In the material below, please retype the lines from the very first through the one with "Ce magnifique tissu", exactly and without pictures.

Top of Data excerpt

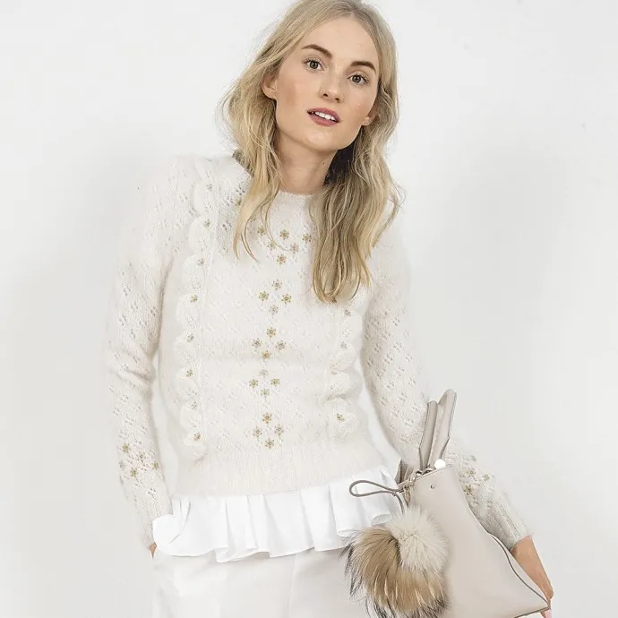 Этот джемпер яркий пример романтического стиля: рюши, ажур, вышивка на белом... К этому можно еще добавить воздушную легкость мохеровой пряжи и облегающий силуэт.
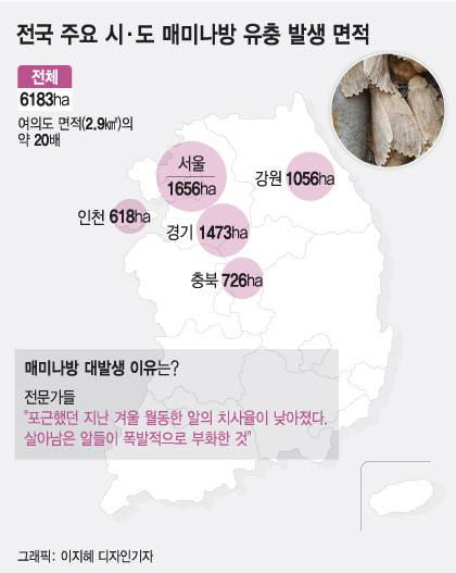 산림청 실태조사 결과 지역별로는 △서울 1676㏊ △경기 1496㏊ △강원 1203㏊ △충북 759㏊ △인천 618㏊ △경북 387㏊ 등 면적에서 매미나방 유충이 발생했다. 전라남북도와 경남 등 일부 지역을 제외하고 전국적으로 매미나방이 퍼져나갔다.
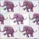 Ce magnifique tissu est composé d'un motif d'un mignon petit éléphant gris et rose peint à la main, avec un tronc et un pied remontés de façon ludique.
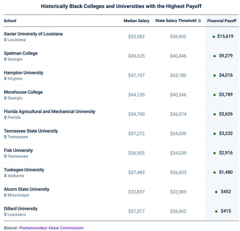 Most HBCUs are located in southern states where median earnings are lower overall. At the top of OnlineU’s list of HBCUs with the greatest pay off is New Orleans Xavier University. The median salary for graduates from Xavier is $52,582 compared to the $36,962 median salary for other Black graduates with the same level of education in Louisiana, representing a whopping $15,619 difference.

Bottom of Data excerpt

### [Result for this exercise]
 Этот джемпер яркий пример романтического стиля: рюши, ажур, вышивка на белом... К этому можно еще добавить воздушную легкость мохеровой пряжи и облегающий силуэт.
 산림청 실태조사 결과 지역별로는 △서울 1676㏊ △경기 1496㏊ △강원 1203㏊ △충북 759㏊ △인천 618㏊ △경북 387㏊ 등 면적에서 매미나방 유충이 발생했다. 전라남북도와 경남 등 일부 지역을 제외하고 전국적으로 매미나방이 퍼져나갔다.
 Ce magnifique tissu est composé d'un motif d'un mignon petit éléphant gris et rose peint à la main, avec un tronc et un pied remontés de façon ludique.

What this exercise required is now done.